In my own work both as a translator of ancient plays and in writing about them, my own family’s immigrant experience remains at the heart of what I do. The women Alfaro puts onstage are intimately familiar to me: the women standing on their porches in Electricidad look like the aproned women who brought me up; the sewing machine in Mojada is like the one in my grandmother’s house, my mother’s mother, where she sat doing piecework, like Alfaro’s Medea. When Alfaro’s Medea relives the journey north from Michoacan, I think of my grandmother coming over on the boat with her two younger sisters, working in the garment factories at the age of 11. When Hason dumps Medea, I think of my father’s mother, crossing another border with three children in tow.
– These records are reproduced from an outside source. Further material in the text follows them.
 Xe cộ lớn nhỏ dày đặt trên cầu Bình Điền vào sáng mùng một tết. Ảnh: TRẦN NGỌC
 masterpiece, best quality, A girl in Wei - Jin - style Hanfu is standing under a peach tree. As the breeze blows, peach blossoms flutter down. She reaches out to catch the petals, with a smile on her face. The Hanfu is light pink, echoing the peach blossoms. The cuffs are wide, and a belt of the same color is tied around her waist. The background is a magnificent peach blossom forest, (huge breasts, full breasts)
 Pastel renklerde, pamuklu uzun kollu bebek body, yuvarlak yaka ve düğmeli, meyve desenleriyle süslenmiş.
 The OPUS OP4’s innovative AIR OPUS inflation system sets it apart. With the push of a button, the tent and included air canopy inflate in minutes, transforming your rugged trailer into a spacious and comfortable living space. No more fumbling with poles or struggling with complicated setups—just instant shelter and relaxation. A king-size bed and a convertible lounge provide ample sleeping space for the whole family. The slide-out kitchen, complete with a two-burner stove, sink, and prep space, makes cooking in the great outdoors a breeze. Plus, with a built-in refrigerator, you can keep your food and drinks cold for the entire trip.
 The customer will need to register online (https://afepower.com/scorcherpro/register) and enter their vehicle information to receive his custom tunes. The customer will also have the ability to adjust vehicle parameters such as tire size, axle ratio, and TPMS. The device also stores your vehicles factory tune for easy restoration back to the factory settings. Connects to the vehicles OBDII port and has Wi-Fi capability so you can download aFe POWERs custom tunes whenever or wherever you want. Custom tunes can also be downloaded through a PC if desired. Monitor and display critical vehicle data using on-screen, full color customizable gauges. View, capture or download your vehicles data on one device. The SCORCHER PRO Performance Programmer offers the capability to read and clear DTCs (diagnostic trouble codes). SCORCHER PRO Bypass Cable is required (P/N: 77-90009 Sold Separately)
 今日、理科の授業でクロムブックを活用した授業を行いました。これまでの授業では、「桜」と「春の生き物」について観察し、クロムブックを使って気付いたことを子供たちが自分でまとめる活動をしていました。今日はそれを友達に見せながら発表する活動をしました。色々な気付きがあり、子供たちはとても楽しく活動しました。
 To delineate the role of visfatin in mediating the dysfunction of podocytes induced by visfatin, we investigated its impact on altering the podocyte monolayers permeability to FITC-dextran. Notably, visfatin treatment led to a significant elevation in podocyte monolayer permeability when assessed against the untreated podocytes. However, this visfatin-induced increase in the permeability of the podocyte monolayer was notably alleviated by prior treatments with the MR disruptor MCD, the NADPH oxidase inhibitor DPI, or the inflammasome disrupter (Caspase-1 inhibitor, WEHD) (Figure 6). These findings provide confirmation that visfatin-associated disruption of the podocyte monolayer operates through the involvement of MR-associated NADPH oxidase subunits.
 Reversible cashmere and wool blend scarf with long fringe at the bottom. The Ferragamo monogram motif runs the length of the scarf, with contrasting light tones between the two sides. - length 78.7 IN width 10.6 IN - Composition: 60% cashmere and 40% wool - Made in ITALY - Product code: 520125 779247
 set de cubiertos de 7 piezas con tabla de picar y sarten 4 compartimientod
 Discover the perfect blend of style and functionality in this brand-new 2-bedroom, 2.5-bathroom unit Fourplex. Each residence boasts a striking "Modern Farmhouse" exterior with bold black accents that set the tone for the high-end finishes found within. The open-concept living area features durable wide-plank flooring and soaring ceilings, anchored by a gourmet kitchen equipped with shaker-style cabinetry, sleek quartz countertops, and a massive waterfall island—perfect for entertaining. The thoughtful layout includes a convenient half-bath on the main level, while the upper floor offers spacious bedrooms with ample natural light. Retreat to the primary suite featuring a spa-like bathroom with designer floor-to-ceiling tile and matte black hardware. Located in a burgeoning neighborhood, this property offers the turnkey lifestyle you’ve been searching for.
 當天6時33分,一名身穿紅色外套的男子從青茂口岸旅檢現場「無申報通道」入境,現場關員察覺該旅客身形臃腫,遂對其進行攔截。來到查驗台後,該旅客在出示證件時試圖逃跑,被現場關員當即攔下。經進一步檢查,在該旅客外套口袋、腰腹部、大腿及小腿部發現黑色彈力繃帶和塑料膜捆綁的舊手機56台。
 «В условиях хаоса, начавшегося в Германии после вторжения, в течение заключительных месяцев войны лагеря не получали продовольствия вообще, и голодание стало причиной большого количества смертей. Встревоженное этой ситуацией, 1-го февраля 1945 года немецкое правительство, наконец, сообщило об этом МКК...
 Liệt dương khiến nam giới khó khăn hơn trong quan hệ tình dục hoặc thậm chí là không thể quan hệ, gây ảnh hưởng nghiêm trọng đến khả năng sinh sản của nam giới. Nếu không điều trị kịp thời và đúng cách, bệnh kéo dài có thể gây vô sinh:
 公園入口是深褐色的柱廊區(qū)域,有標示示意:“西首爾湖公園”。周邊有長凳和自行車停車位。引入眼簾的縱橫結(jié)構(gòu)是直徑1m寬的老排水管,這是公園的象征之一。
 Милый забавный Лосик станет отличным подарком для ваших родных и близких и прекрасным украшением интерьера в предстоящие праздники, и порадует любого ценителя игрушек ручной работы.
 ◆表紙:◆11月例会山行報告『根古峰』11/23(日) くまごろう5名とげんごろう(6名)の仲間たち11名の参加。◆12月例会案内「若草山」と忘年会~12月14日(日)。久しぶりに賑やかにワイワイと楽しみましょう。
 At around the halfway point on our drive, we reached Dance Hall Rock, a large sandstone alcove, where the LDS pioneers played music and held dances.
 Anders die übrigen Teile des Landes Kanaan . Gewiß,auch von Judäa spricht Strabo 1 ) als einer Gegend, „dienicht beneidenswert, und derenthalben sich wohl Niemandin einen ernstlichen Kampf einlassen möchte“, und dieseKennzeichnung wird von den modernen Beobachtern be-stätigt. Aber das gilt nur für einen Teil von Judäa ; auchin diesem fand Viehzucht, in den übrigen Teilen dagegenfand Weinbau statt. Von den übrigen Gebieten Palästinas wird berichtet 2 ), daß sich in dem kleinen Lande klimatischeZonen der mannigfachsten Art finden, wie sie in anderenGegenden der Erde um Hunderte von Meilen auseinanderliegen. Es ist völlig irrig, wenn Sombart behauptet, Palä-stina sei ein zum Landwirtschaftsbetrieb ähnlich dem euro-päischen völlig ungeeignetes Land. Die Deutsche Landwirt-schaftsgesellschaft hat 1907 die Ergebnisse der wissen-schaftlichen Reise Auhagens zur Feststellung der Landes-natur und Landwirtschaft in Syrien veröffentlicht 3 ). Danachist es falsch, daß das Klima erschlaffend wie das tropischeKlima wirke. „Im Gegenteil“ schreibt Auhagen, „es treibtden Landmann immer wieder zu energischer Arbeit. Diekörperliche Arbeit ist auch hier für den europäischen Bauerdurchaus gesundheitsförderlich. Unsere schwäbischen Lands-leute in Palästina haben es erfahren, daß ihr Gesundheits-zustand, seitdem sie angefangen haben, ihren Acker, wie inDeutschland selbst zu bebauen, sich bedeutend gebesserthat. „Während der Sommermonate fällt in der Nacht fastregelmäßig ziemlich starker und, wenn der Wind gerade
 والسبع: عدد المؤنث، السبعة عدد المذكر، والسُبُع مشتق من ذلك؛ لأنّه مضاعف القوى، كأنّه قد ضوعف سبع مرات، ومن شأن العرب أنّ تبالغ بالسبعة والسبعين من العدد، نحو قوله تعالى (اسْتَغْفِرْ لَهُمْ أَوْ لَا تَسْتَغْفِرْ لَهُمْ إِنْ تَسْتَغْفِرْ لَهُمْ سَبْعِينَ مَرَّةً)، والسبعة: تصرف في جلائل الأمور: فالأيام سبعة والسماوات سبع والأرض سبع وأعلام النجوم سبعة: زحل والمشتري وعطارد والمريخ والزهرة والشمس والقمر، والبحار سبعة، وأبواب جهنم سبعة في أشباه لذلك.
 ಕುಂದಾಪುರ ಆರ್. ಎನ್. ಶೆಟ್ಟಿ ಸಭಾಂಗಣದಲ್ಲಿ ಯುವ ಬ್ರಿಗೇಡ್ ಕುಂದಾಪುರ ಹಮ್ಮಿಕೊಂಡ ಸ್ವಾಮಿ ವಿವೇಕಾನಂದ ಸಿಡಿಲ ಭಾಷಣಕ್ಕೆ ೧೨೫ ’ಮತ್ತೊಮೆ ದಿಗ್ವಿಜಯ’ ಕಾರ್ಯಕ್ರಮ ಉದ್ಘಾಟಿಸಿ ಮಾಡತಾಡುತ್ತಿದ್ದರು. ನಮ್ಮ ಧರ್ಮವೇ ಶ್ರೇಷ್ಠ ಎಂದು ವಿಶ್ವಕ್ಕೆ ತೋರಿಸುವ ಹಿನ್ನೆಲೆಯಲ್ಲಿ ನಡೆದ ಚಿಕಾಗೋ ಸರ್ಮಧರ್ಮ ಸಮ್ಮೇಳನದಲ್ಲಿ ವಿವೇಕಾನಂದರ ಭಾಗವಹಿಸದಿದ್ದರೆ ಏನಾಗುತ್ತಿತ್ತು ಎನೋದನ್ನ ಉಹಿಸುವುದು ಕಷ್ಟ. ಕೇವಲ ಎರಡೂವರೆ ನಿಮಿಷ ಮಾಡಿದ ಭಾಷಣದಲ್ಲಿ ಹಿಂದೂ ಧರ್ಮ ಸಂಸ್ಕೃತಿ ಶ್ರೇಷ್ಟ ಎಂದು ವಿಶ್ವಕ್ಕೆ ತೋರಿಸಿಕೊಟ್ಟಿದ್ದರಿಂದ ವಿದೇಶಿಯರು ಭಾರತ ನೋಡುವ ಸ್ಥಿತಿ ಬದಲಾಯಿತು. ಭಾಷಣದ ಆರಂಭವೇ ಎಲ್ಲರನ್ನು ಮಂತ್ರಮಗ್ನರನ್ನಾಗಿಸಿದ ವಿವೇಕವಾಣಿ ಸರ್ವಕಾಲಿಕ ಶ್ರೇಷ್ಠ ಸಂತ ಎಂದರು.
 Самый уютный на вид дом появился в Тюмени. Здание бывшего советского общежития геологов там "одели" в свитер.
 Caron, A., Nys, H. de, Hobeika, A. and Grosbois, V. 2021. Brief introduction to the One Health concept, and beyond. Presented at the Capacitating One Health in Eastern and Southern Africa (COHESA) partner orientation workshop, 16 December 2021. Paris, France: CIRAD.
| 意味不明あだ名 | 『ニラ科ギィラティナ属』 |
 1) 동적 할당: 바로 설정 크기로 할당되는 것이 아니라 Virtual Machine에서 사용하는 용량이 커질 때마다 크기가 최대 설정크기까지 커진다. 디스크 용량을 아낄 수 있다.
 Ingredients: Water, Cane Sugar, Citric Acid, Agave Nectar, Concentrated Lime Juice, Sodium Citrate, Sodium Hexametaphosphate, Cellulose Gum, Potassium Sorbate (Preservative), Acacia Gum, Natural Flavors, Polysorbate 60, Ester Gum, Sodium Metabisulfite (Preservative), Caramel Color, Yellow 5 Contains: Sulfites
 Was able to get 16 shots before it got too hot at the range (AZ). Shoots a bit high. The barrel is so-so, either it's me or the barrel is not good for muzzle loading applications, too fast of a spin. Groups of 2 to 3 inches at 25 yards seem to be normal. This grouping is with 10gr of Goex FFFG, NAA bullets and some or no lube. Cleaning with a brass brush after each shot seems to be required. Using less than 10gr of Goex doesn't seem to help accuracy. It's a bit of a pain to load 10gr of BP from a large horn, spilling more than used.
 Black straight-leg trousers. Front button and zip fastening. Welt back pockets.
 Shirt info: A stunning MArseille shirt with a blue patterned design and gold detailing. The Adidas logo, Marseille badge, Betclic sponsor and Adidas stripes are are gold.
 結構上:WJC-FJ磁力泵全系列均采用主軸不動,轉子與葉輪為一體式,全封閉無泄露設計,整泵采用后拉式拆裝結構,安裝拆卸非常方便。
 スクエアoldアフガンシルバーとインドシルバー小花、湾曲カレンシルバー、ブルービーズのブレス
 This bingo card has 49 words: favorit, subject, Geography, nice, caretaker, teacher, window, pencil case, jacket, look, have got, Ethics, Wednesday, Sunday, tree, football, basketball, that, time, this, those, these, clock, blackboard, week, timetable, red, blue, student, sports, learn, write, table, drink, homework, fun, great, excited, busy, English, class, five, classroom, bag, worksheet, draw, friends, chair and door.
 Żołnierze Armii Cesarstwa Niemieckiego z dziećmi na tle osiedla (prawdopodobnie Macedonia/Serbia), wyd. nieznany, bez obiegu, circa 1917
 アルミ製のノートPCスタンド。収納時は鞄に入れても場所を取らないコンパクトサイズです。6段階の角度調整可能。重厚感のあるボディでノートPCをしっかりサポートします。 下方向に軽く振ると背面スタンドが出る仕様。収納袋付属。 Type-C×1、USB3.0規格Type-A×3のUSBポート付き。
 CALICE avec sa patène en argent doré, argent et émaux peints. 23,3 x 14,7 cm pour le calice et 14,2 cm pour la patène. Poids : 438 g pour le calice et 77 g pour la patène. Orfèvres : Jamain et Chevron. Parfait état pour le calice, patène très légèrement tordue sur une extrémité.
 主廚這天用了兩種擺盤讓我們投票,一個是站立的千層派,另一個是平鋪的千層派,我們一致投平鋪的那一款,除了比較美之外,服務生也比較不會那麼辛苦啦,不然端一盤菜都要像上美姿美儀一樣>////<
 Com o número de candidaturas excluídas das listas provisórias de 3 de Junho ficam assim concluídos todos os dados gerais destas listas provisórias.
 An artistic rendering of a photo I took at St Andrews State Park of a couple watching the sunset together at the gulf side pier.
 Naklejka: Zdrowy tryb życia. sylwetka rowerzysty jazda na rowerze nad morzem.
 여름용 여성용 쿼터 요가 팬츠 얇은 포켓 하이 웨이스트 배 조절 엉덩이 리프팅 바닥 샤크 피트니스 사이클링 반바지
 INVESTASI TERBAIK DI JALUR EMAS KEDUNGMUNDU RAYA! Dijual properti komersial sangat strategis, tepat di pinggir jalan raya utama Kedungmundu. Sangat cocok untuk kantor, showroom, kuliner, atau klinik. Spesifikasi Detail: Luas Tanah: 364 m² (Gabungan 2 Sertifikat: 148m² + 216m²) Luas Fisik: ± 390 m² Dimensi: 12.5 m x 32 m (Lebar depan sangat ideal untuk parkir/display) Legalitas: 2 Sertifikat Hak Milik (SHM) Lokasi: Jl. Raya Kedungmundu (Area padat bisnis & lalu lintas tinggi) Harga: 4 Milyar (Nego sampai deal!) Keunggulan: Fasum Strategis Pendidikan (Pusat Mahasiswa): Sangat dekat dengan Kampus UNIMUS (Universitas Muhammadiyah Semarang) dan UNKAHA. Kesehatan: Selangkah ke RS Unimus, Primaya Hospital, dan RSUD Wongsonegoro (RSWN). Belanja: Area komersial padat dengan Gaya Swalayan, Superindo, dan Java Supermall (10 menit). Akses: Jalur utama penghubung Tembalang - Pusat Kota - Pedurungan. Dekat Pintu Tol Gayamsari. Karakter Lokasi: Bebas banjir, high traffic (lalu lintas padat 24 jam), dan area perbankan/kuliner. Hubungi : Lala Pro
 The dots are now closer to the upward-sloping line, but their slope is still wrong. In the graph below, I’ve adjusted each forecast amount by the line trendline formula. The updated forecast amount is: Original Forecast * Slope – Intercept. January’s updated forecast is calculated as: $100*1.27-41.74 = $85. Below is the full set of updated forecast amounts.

As even its director Jessica Kubzansky commented to the LA Times, Euripides’ Medea is a hard play to get inside of. Although I have taught it many times, it was not until I saw Mojada at the Getty that I felt the play as the story of immigrants and the brutal price of assimilation. I think that, to come to life, ancient plays need to be translated not only into a current poetic vernacular, wherever they are staged, but into terms that resonate with the experience of current audiences.

At the Mojada I attended, just as at the recent Culture Clash Frogs, the audience was mostly not Latinx—as all audience members could tell by who laughed at the jokes in Spanish—but, still, were evidently Angelenos; everything about the mise en scène hit home. I don’t know how Mojada played at the Oregon Shakespeare Festival; all venues come with different audiences. A performance in Boyle Heights does different work from a performance at the Getty; then at the Getty matinees for local schools, when they bus the kids in from the community colleges out in the tules, different again: transformative. At the talkbacks for Roman comedy where I spoke, the students always wanted to know about the original actors and the times that made the play. This is our chance to make contact, to immigrate past the border of time and reach the present.